TuckER - Tensor Factorization for Knowledge Graph Completion

19 Feb 2019

Introduction

TuckER is a simple, yet powerful linear model that uses Tucker decomposition for the task of link prediction in knowledge graphs.
Paper
Implementation

Let E be the set of all the entities and R be the set of all the relations in a given knowledge graph (KG).
The KG can be represented as a list of triples of the form (source entity, relation, object entity) or (e_s, r, e_o).
The list of triples can be represented as a third-order tensor (of binary values) where each element corresponds to a triple and each element’s value corresponds to ether that element is present in the KG or not.
The link prediction task can be formulated as - given a set of all triples, learn a scoring function that assigns a score to each triple. The score indicates whether the triple is actually present in the KG or not.

Tucker decomposition factorizes a tensor into a set of factor matrices and a smaller core tensor.
In the specific case of three-mode tensors (alternate representation of a KG), the given original tensor X (of shape IxJxK) can be factorized into a core tensor W (of shape PxQxR) and 3 factor matrics - A (of shape IxP), B (of shape JxQ) and C (of shape KxR) such that X is approximately W x₁ A x₂ B x₃ C, where X_n denotes the tensor product along the nth mode.
Generally, P, Q, R are smaller than I, J K (respectively) and W can be seen as a compressed version of X.

Two embedding matrics are used for embedding the entities and the relations respectively.
Entity embedding matrix E is shared for both subject and the object ie E = A = B.
The scoring function is gives as W x₁ e_s x₂ w_r x₃ e₀ where e_s, w_r and e_o are the embedding vectors corresonding to e_s, e_r and e_o respectively.

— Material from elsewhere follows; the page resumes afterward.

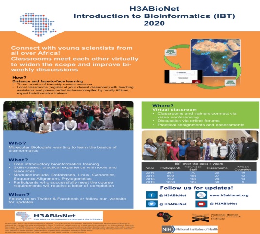 Call for applications for The 6th iteration of H3ABioNet's Introduction to Bioinformatics Course (IBT_2021) is now accepting ....

Note that both the core tensor and the factor matrices are to be learnt.
Model is trained with the standard negative log-likelihood loss given as (for one triple): y * log(p) + (1-y) * log(1-p)
To speed up training and increase accuracy, 1-N scoring is used. A given (e_s, r) is simultaneously scored for all the entities using the local-closed world assumption (knowledge graph is only locally complete).
Handling asymmetric relations is straightforward by learning a relation embedding alongside a relation-agnostic core tensor which enables knowledge sharing across relations.

One important consideration would be the expressive power of TuckER models, especially in relation to other models like ComplEx and SimplE.
It can be shown the TuckER is fully expressive ie give any ground truth over E and R, there exists a TuckER model which can perfectly represent the data - using 1-hot entity and relation embedding.
For full expressiveness, dimensionality of entity (relation) is n_E (n_R) where n_E (n_R) are the number of entities (relations). In comparsion, the required dimensionality for ComplEx is n_E * n_R (for both entity and relations) and for SimplE, it is min(_E * n_R, number of facts + 1) (for both entity and relations).
Many existing models like RESCAL, DistMult, ComplEx, SimplE etc can be seen as special cases of TuckER.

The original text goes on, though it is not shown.